Electronic Arts has aggressively promoted new-game purchases in recent months by offering gamers bonus content for buying shrink-wrapped copies of games like Mass Effect 2, Dragon Age: Origins, and Battlefield: Bad Company 2. Now, the publisher plans to extend that initiative to its sports business with the new "Online Pass." 

 Free online content? That warrants a fist pump.


Arriving by way of a packed-in, game-specific registration code, the Online Pass comes with all new-game Xbox 360 and PlayStation 3 titles from EA Sports and confers access to "online services, features and bonus content." Those who rent or pick up a used EA Sports title can gain access to the Online Pass through a free seven-day trial.
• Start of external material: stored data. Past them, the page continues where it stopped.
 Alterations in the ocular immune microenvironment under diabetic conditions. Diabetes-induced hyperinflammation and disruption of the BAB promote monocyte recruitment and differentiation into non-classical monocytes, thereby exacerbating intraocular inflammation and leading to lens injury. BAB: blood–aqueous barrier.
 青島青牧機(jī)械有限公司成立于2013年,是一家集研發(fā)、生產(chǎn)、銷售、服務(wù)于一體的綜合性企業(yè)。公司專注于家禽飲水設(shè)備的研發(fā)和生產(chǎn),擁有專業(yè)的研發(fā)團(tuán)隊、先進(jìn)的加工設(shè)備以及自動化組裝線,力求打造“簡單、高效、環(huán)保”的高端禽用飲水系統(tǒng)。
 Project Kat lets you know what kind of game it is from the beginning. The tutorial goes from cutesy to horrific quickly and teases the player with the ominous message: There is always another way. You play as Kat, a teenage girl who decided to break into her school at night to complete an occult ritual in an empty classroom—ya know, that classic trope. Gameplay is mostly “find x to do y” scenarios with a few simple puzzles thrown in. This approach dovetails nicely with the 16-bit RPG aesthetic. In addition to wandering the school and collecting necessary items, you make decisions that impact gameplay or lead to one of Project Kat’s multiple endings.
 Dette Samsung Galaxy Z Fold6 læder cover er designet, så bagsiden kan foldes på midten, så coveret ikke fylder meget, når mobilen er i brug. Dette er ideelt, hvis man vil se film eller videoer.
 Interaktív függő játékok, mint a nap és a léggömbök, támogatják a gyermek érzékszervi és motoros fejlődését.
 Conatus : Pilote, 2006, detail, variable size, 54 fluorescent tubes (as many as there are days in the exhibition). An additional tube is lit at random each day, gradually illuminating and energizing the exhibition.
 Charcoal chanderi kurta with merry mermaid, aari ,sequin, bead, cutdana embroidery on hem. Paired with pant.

They can also purchase unlimited access to the service for $10. 

EA didn't explicitly call out what kind of content gamers will gain access to with the Online Pass. However, it will likely take the form of something akin to the Cerberus Network, introduced to BioWare's hit sci-fi role-playing Mass Effect 2 in January. As part of that program, new-game purchasers were afforded a code that let them access free bonus missions and equipment that supplemented paid downloadable content.

EA Sports will launch its new initiative on June 8 with Tiger Woods PGA Tour 11. The publisher has placed a heavy emphasis this year on the game's online modes. Notably, PS3 and Xbox 360 gamers can take part in an online version of the Ryder Cup tournament, one of golf's most prestigious outings. The PS3 and 360 eidtions of the game--which is also due out on the Wii and iPhone--will let up to 24 players play in four-person teams in the biennial tournament's signature events, which alternate shots, fourballs, and singles. The PS3 edition will also support Sony's PlayStation Move motion-sensing peripheral, due out this fall.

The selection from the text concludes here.